Gli investigatori sono entrati immeditamente in azione al fine di rilevare indizi utili alla scoperta dell'assassino della vittima, Valentino Spalluto, un giovane di soli vent'anni, incensurato.
I primi indizi raccolti, però, non hanno prodotto alcun risultato circa il movente o l'autore dell'omicidio.
I testimoni ascoltati erano riusciti a descrivere le modalità dell'omicidio, ma non avevano riconosciuto chi l'avesse commesso, nè erano riusciti a leggere la targa dello scooter.

Le indagini sono proseguite fino a restringere il campo d'investigazione verso via Siracusa, luogo nel quale era stato visto fuggire l'assassino. A seguito di molteplici appostamenti nella zona, gli investigatori hanno individuato lo stesso ciclomotore, utilizzato da un giovane agli arresti domiciliari.
Attraverso una serie di appostamenti, pedinamenti e intercettazioni, i militari sono risaliti a tre testimoni oculari, tre ragazzi di età compresa tra i 15 e i 16 anni, i quali sono stati accompagnato senza preavviso presso gli Uffici della Procura ed ascoltati separatamente per evitare che potessero fornire una testimonianza concordata dei fatti.

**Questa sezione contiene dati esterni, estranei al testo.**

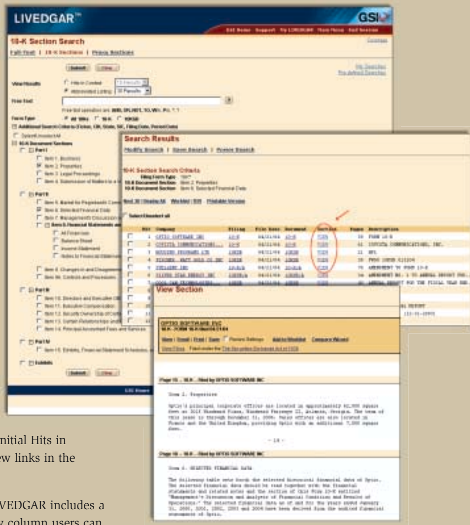
This powerful new functionality simplifies the research process significantly and enables users to view, e-mail, print or save single or multiple document sections in one easy step.

On the Abbreviated Listing Results page, LIVEDGAR includes a new column entitled Section. From this new column users can click on the View link to see results limited to the section or sections chosen on the 10-K and Proxy Section Search input pages. If users prefer to view the document in its entirety, the Filing and Document link is still available as always.

Le dichiarazioni dei tre si sono rivelate perfettamente coerenti con la dinamica dell'omicidio ed erano tutti concordi nell'indicare Salvatore Polimeno come il colpevole.
Il movente, scoperto alcuni giorni dopo, ha reso la morte di Valentino Spalluto ancora più tragica. Non erano rivolti a lui, infatti, quei colpi di pistola, bensì ad un altro operaio.
Salvatore Polimeno, 23enne leccese, con precedenti per spaccio, si era recato nella sede dei lavori per chiuidere un conto in sospeso con un altro operaio, fisicamente molto simile alla vittima.
Accertati i fatti, è stata emessa un'ordinanza di custodia cautelare per il reato di omicidio volontario e premeditato nei confronti di Polimeno, notificata in carcere, dove l'uomo già stava scontando la pena per reato di evasione.